Yes, as widely reported - sometimes too dramatically - he is a supporter of Donald Trump as a “symbol of renewed white identity and common purpose”. But, he quips, not as a policymaker and leader - “dear God, no”. Unsurprisingly, he also supports Brexit, which, Tarrant agues, represents “the British people firing back at mass immigration, cultural displacement and globalism - and that’s a great and wonderful thing”. It goes without saying that he takes “true inspiration” from the “knight justiciar”, Anders Breivik - he had received from him a “blessing for my mission” during a “brief contact” with his hero.

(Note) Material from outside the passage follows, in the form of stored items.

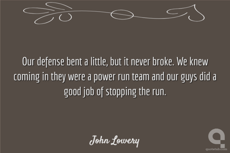 Our defense bent a little, but it never broke. We knew coming in they were a power run team and our guys did a good job of stopping the run.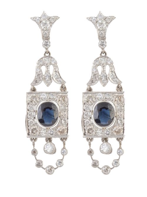 320. Pendientes largos estilo Art-Decó de brillantes y zafiros, con piezas de diferentes formas articuladas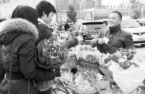 节日期间,市民纷纷选购鲜花,赠送亲朋好友或者装饰在家里,给周围的环境增添一些节日气氛。记者 李硕 摄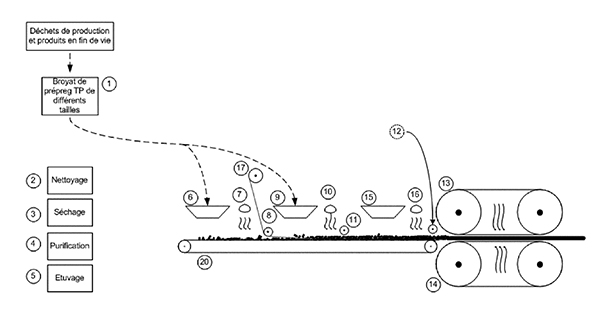 3、Thermosaïc®和Thermoprime®处理:该处理方式由法国阿尔萨斯研究中心CETIM-CERMAT开发并获得专利,是专门针对回收热塑性碳纤维复合材料的加工工艺。其中Thermosaïc®是通过热机械工艺对TPC制造废料进行重新评估,Thermoprime®则是与长纤维相关的再生热塑性塑料(例如PP或PA)的升级再造加工。前者是更科学更环保的将热塑性碳纤维复合材料破碎至理想状态,后者是将破碎的碳纤维复合材料重新聚合,聚合后的热塑性碳纤维复合材料将会得以新生,补偿老化和破碎部分的性能损失。目前已经有欧洲团队利用该处理方式,成功的回收了热塑性sjzc-复合材料,并用于相关产品的生产加工。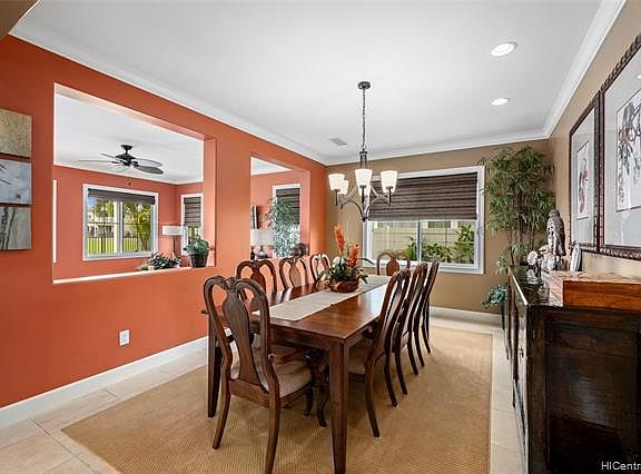 Gorgeous golf course frontage Model 60.40 dream home in Kuapapa at Hoakalei. This luxury home has 5 bedrooms, 4.5 bathrooms & a magnificent open concept floorplan perfect for entertaining and relaxing at home. Beautiful crown molding throughout the first floor & master bedroom, fabulous kitchen area boasts with granite counter tops, gorgeous backsplash, newer high-end stainless steel appliances & beautiful cabinetry. First floor bedroom suite is great for guests. The second floor master suite has custom closet organizers for his & hers closets. All bedrooms have ceiling fans, custom made window coverings throughout the house, plantation shutters, and alarm system is already installed, no details were spared. Home has access to the private Wai Kai Lagoon club and community pool area.

Elsewhere, Tarrant roams far and wide in his unfocused imagination. There are numerous references to the religious wars of the Middle Ages, such as the Crusades - which were an entirely sensible exercise in his opinion - and another hero of his, Pope Urban II, who urged Christians to go to war against Muslims in 1095. Looking at the state of the world, Tarrant writes: “Ask yourself, what would Pope Urban II do?” Answering his own question,the document states that he targeted Muslims as a form of “revenge against Islam for 1,300 years of war and devastation that it has brought upon the people of the west and other peoples of the world”.

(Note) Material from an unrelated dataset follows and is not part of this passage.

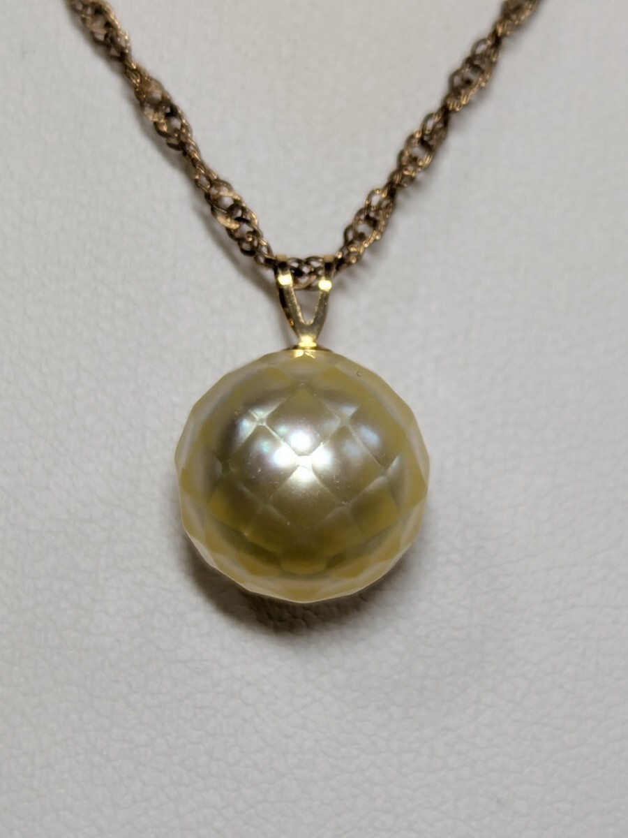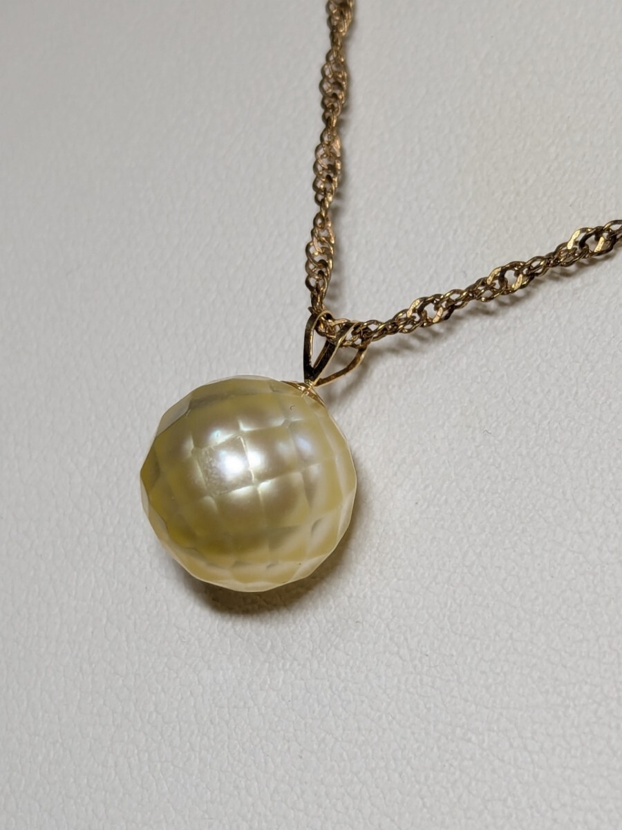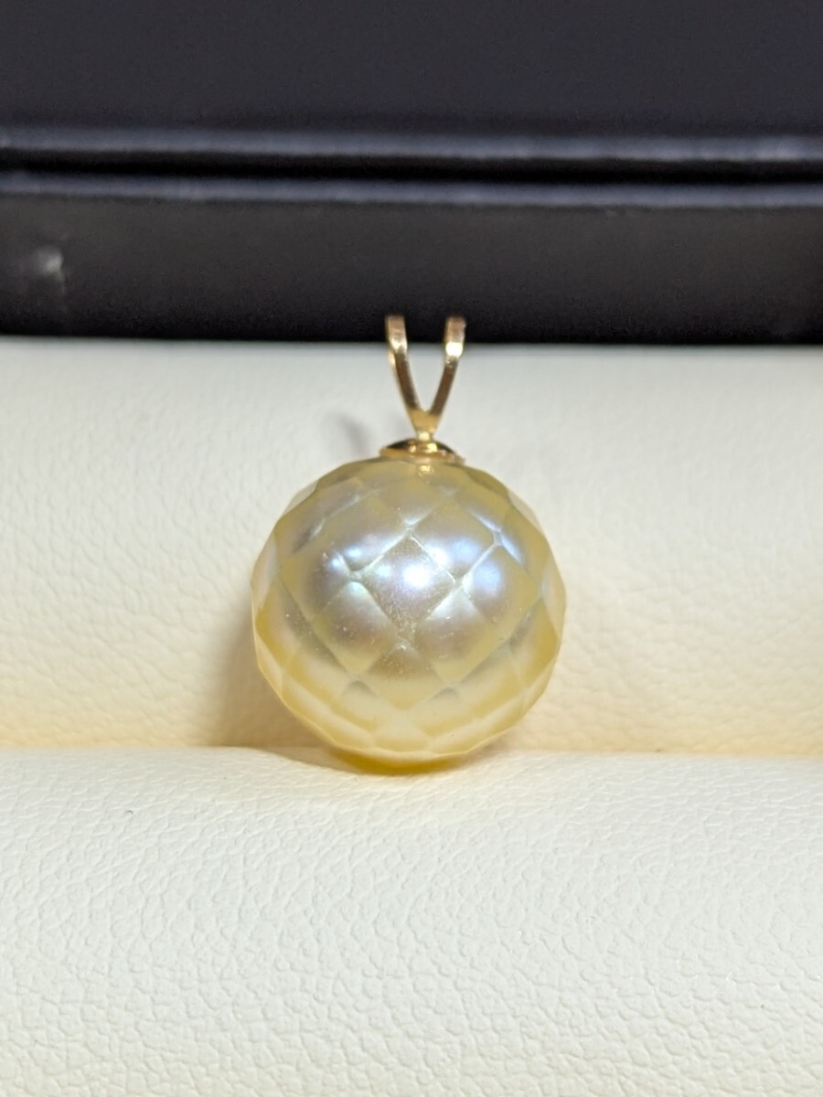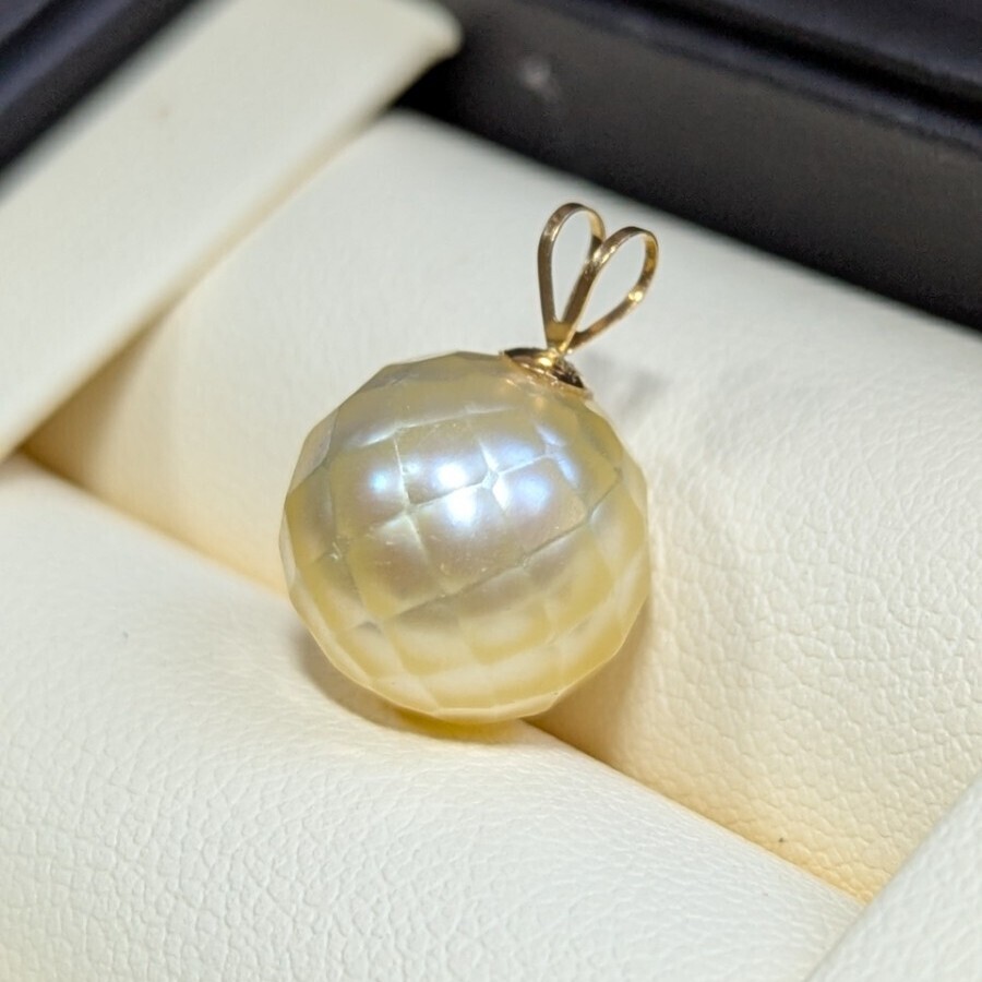 こちらはダイヤモンドのような輝きを放つ南洋華パールです。キラキラして綺麗です。

Predictably, the document is peppered Breivik-style with vitriolic denunciations of “antifa” and Marxists, real or imaginary. With regards to the latter, he bluntly states: “I do not want to convert you, I do not want to come to an understanding” - as “egalitarians and those that believe in hierarchy will never come to terms”. True enough, you might think. Rather, “I want you in my sights. I want your neck under my boot” - therefore “see you on the streets, you anti-white scum”. More generally, Tarrant believes that “democracy is mob rule and the mob itself is ruled by our own enemies” - which for him means meaning that “the global and corporate-run press controls them, the education system (long since fallen to the long march through the institutions committed by the Marxists) controls them, the state (long since heavily lost to its corporate backers) controls them and the anti-white media machine controls them”.

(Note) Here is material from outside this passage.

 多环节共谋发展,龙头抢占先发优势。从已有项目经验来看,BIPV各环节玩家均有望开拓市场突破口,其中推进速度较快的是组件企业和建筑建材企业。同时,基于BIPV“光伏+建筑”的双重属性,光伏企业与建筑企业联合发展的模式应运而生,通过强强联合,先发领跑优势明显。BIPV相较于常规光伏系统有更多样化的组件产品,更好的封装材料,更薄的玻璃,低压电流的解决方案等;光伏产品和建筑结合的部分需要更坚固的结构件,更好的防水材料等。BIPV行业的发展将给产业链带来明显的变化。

He writes that maggots, Muslims and Marxists “are nothing to me but just another target” - he intends to “wipe you the fuck out with precision, the likes of which has never been seen before on this Earth, mark my fucking words”. Tarrant also argues interestingly that the way to stop mass migration is through unionisation, automation, and the minimum wage - his fascist politics having an anti-capitalist edge right from the very first page.

Overall, Brenton Tarrant’s abiding obsession - apart from Muslims and Marxists - seems to be population numbers, in the style of Paul R Ehrlich’s 1968 work The population bomb. In this famous - or infamous - book, Ehrlich warned of mass starvation in the 1970s and 1980s due to overpopulation, as well as other major social upheavals, and urged immediate action to limit population growth. In other words, it was essentially a restatement of Malthusian theory - much mocked by Karl Marx, of course. If you are Brenton Tarrant, this translates as countries like Australia and New Zealand being under siege and subject to invasion. It does not occur to him that Europeans have done their fair share of invading. In fact, the ‘manifesto’ of the young and angry Tarrant is ultimately is based on a very old-fashioned view of Christendom - which he essentially equates with Europe.

The appalling killings in Christchurch were clearly a political act, even if his manifesto is crazy in places. Hence, in that sense, his document - garbled and disconnected as it is - represents the sort of outlook that, in the absence of the kind of Marxist political organisation that Tarrant would abhor, is gaining strength. Indeed, what comes over is that Brenton Tarrant is an idealist (no matter how horribly misdirected) who wants something better for his people - defined exclusively and murderously as white and European in origin.